2016 Gerard Bertrand Cotes des Roses Magnum (~$42)

Before we begin, just take a look at this beast — you could kill a wildebeest with it:


This is easily the most badass, dangerous, future-murder-weapon bottle of rose I have ever seen, which may not have been exactly what the designers were going for, but which I feel they should embrace nonetheless.  It’s also just barely over $40 on the retail market, which, I mean, come on.  The proliferation of inexpensive magnums is by far the best wine trend of the past few years, and there is no second place.  Bring this to a dinner party, crush all other pretender host-gift wines beneath your godlike feet, and then defend the property from intruders once it’s all over.  The Gerard Bertrand Cotes des Roses is the top-selling French rose in Alberta and a potential cricket bat to boot.
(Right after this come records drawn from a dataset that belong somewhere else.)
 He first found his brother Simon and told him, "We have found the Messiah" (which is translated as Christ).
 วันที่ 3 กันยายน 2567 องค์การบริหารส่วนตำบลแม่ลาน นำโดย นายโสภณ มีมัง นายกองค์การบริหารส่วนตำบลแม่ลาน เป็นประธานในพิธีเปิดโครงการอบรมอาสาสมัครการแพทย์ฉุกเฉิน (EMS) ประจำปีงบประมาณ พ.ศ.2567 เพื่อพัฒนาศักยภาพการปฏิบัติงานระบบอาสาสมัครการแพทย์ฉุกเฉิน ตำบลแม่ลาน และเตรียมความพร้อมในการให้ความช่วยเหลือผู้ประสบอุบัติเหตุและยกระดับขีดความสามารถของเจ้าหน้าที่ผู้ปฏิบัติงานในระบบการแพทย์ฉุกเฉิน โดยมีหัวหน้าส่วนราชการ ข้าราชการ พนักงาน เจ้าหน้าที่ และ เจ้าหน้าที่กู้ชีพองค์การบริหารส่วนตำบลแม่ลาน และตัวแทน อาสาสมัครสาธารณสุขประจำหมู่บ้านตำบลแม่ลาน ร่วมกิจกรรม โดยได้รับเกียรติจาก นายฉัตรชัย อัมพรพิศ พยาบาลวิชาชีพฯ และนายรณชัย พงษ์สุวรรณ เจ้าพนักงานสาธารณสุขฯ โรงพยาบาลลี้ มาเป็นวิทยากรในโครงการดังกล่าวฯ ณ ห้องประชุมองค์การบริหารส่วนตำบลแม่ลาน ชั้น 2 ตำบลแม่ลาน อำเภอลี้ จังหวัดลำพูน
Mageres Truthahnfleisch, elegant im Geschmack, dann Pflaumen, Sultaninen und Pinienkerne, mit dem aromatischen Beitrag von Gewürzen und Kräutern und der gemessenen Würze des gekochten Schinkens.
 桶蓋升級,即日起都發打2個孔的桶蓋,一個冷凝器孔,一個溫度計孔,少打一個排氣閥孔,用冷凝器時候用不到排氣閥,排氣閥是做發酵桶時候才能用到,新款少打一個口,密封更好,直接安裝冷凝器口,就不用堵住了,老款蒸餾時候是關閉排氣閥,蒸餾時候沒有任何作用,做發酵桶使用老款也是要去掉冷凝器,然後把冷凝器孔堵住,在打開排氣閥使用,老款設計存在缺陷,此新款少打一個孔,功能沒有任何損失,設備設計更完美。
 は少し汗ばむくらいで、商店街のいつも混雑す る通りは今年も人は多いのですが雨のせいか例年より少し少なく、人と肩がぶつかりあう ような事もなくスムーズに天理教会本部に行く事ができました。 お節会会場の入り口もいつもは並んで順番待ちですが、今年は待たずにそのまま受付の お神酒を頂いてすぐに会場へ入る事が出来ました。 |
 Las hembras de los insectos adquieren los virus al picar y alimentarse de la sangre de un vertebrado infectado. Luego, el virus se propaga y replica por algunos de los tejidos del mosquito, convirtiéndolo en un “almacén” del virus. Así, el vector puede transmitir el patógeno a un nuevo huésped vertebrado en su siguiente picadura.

The 2015 version of the Cotes des Roses also found itself in the Tournament of Pink, making it all the way to the final before bowing out, and I was all over it then, so I was eager to reacquaint myself with the brand and check out the new(er) 2016.  As the label helpfully indicates, it is a classic blend of Grenache, Cinsault and Syrah, with each varietal harvested separately, followed by a carefully temperature-controlled pressing of free-run juice only, a 15-30 day fermentation period and early bottling.  The ingenious bottle shape, whose bottom is a carefully crafted and expertly designed rose, combined with the elegant glass closure and the crushable liquid inside, has made this wine a massive global success:  400,000 cases of the most recent vintage were produced, a tenfold increase from 2015.
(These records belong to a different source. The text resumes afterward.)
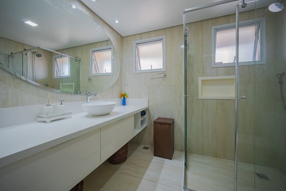 2 Suítes exclusivas com móveis planejados, closet, ar-condicionado e sistema de aquecimento de água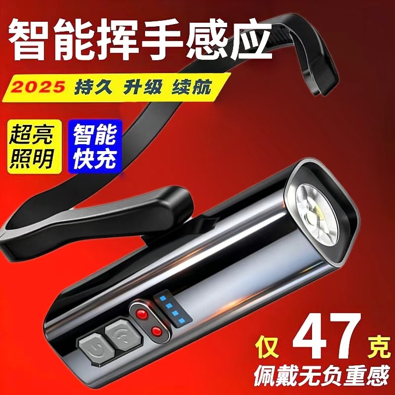 头灯2025新款强光超亮充电头戴式照明灯矿灯户外钓鱼专用感应矿灯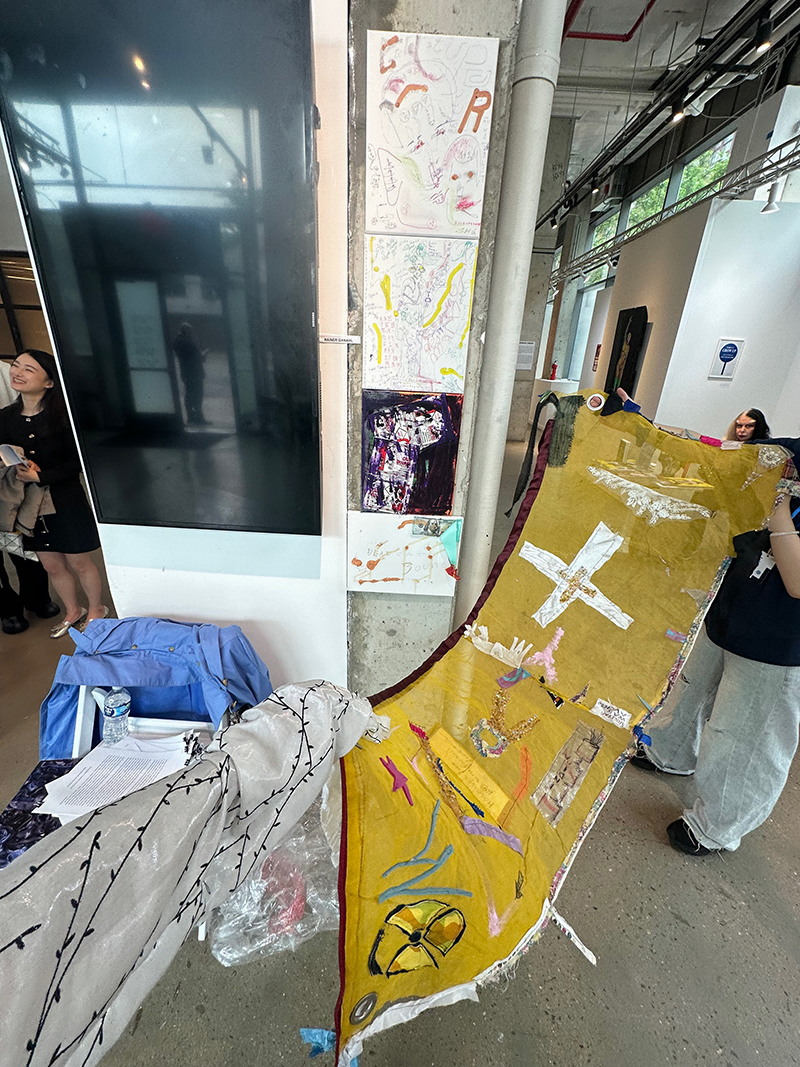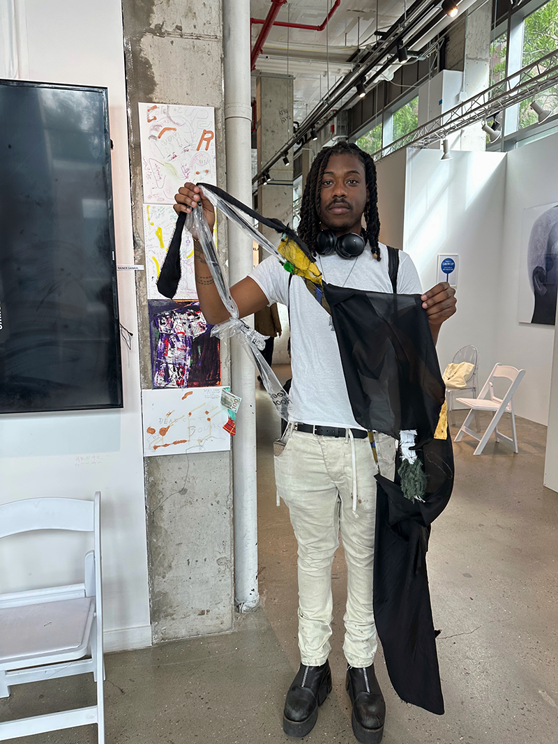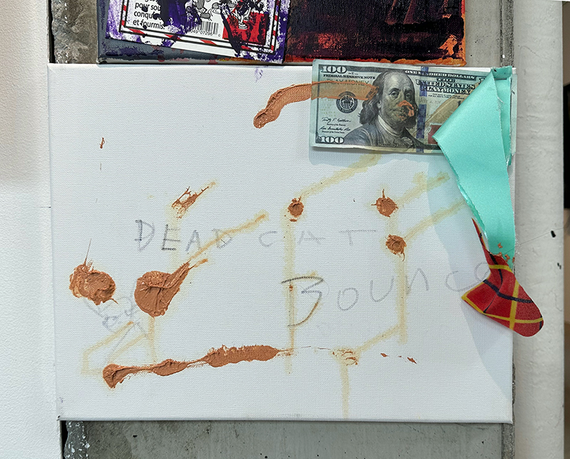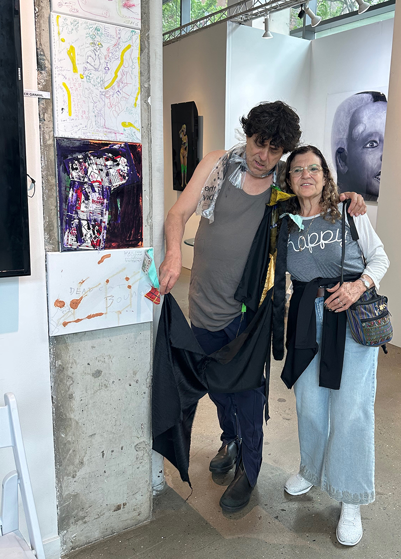image this vertical assembly to be a narrative - and the rest of the rather NON PRECISION WORK my way, the artist's way to breath .... I am not condemming anybody who works like me day in and day out on a screen and in isolation ... relatively speaking ... simply waiting and observing time. TIME AND CONVERSATIONS ARE FOR ME CULTURAL CAPITAL that I try to capture and "steal from the beholder. Hence.by introducing a foreign langauge, i hope i made cleasr that I am for a global world that is open and works collectively to share it's recsources. Needless to say, as an artist and in my position I have a feeling I have landed too many times on some glue pat and hence., let me apply the word stupor also to me... Hence, having seen too many ups and busts in my life, economics, personal and political ones .... I sp enjoyed to participate in a super high, super gentrified area that make you really wonder, was Hegel on Haiti right, or was Kant on peace wrong but my time keeps refering me over and over to the very beginnings. Hence, thanks for reading this, thanks the amazing gallerist Soziete Gouduna and her Gallery that is currently operating like an INTERVENTIONIST. Thanks to all the people who posed for me and who engaged with me and played with the complicaed outfits I was tailoring during a time people usually sleep. I recycle ideas, memories, conversations and live as much as I can in the future interwoven wiht the past that my presenece is keeping me skinny and active so that the absence of barely the money needed to pay for my shelter is hidden behind the GALGEN HUMORE I not only performed. Covid is still somehow in the pipelines albeit of the fact that I'd love to be seen in the traditon of my teachers and needless to say the situationists. I cannot totally hide the fact that many visitior didn't know who Gerhard Richter or Nam June Paik was (the later gave me my master in fine art from the art academy Duesseldorf where my friends dragged me quite a bit along to the critical verdicts of Richter, who acted rather like a greek emperor with finger up or down (he simply stood there and said notrhing and walked away) without really much comments - I adored and disliked the fear that he emanated and understood already then that authority can be overwhelming but should never break you... unfortunately, I have seen people who got stuck there in the mud of higher beings and hence... moved on the way I have always moved on - with or without monitary success. Money and dead cat bounced is about as photorealisitc as it gets. And yet, there is always more to be said, or nothing to be understood. The art of plently is in my case the noise that re-iterates the difference between aporia and surviving. But the most and unrenumerable success of this show was that I have walked away with so much humanity that was shared and be it only as if a boy who got lost on a central railway station staring at people he simply can"t understand albeit of the fact that we all survived covid and will make it throught htis current economic crisis. Interesting enough, working wiht COMMEDESMARXISTS = HENCE FASHION AS FINE ART - allows me to learn, the play with our fetishistic desires to please, and the fact that very few of us can really understand that HAUT COUTURE is what I make but without anyboy taking me seriously. Thus I am happy that have only the camera and social meida on my side. Luck had it, that when I handed a professional camera with a good old Leica lense to a good old friend - no mentioning of the name - the tale bounced from the floor and thing camera bounved on concrete like a piece of pizza. Pizza gate keeping was my way to lose weight - I starved myself by getting exited with each interaction. I do categoricallhy not distinguish between all the myriads of ways of being. I so respect each person's appearance and was amazed how we are all struggeling... being poor or rich, old or young, babies or dogs, and cats. I enjoyed the little food fights we had and the little picutres fight that is always a realithy. But all people how allowed me to be on picutres are here thanked in a way that gives me more ideas... I consider the ananomous format the most democratic format and yet - I have to be so careful with images as I do not desire to give anybody the impression that my ludic characgter is antagonzing or provocative. THE PRESENT AND THE PAST AND THE FUTURE IS OWNED BY EVERYBODY. my materials are elite and 'recycled' for a sustainable life wihtout waste but also without the dictatorship of austarity ... so soavings costs more lives and cresate more victims of wars... last but the least ... the global wars and potential antagnistm between super and micropowers is really drugging on the short temperdness of people and i find it sad to overserve stress in the lives of poeple including my own. i have to stop myself and not write forever.

Mildly similar, not-quite-pink colour…

The colour of the two featured roses tonight is downright identical.  It’s eerie.  But the similarities emphatically end there.  The Cotes des Roses shows a bit of spritz in the glass and offers up an immediate bloom of bright fruit flavour from the very first sniff:  strawberry marshmallow candy, fresh raspberry, grape Fruit-By-The-Foot, purple candy hearts, potpourri.  The overt confectionary thread linking the aromas is likely influenced by the austerity measures imposed by the pink wine that came before, and the candy parade eases back on the palate (which is mostly dry, though I would guess a whisper of residual sugar remains).  Redcurrant, pink lemonade, cranberry and white grape juice form an absolutely delectable combination that is meant to be happily downed in pleasant company.  The first two sips of this wine were an absolute relief after the Albia  and a rediscovery of pink wine’s sense of fun, but eventually I started to gravitate back to the prior rose and its salty inscrutable layers, craving a peek behind the curtain that the Cotes des Rose intentionally leaves wide open.  Context, man.